According to the Malleus Maleficarum, a treatise on the hunting and killing of witches, "Those whose hair is red, of a certain peculiar shade, are unmistakably vampires." While prejudices such as these have mostly faded since the treatise was published in 1486, two Princeton students still found the need to create the Redhead Society in 2004. Skepticism about contemporary prejudice against redheads is natural—and perhaps it is most easily found in the Presidents of the Society themselves. Instead of pretending to be a support group for a "Gingerism" epidemic on campus, the Redhead Society serves, at its best, as a forum to discuss the redhead experience, and, at its worst, as a University-funded social event.
One of the co-Presidents of the Society, Michael Smith '10, takes on a light and good-humored tone when discussing the club he runs alongside Clayton Sachs '10. In an interview conducted over email, he touched on every redhead stereotype, from his own fire-crotch to UV sensitivity. Smith wrote, "The Redhead Society holds events usually at night, or in the late evening, to prevent against deadly sunburn. In the past, there was one high-noon-tea-party, but we lost many members, permanently. For now, we hold events to raise awareness among ourselves that we're actually red-headed. [...] I'm constantly defending my right to state-subsidized sunscreen. Indeed, on a few occasions, by even trying to prove my need, I get slapped with an indecent exposure suit."
Slightly more serious members of the Redhead Society respond more straightforwardly—and honestly—when asked what exactly happens at this quirky student organization's events. Julia Weigel '11 described the scene in the Terrace TV-room as a mixed-color event, with red food and drinks. (There is a limited vocabulary one can use to describe the vague purposes of this organization; the verb "hanging out" was used more than once.)
The club's slogan—"Carrot tops are green, Einstein"—basically sums up the attitude the members take with regard to the Society. Most members speak of the organization affectionately, if not seriously. The rhetorical skills of whoever convinced the University that "Gingerism" was a problem are to be admired. But it could be just this outlook that attracts the club's members. Weigel was recruited to the Society at the Activities Fair by a redheaded male wearing very little clothes and a lot of red paint. Weigel remembers, "He didn't say a word but was very insistent that I sign up, so I did." This same redheaded fellow, whose name remains a mystery, approached Weigel a few months later when she dyed her naturally burnt sienna mane a dark brown. He loudly voiced his disappointment in what could be deemed a case of red-on-red violence.
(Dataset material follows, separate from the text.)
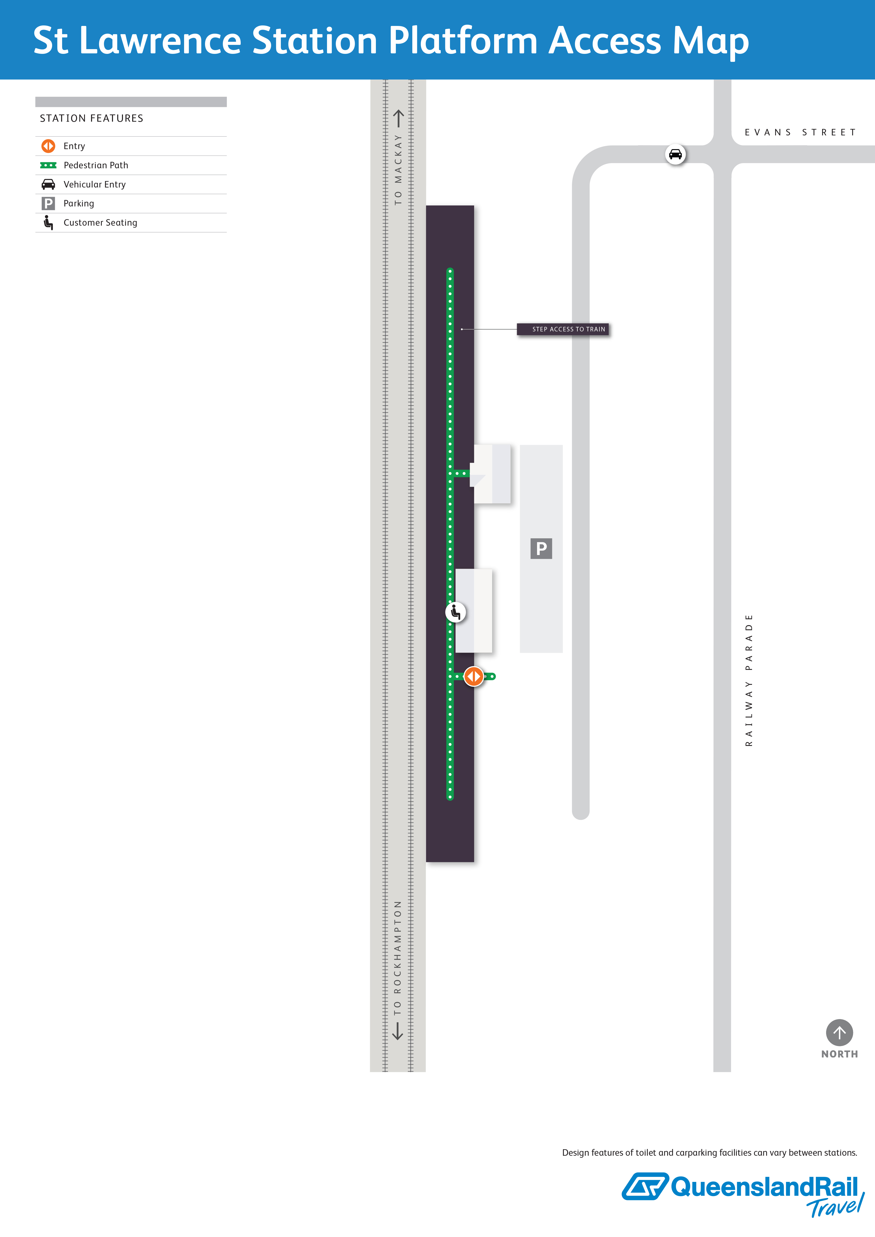 St Lawrence railway station is located off Evans Street via Railway Parade. It services passenger trains travelling northbound to Cairns and southbound to Brisbane. There is one platform, which is on the eastern side of the track. There is carparking available outside the station. Access to the platform is via a ramp or steps.

In the year of its inauguration, the Redhead Society held fundraising events for skin-cancer and the like. Its current Presidents seem to enjoy playing off of redhead stereotypes just as much, but less productively. The Society seems like a fun, albeit slightly peculiar way, to get to know other students on campus with a common trait—something like the Asian-American Students Association and Acción Latina but more like the Texans Club. ODUS so aptly categorizes the Redhead Society as a "social" group on its website and there is no doubt that socializing is the organization's primary focus, though elevating the level of Twizzler consumption may be a close second.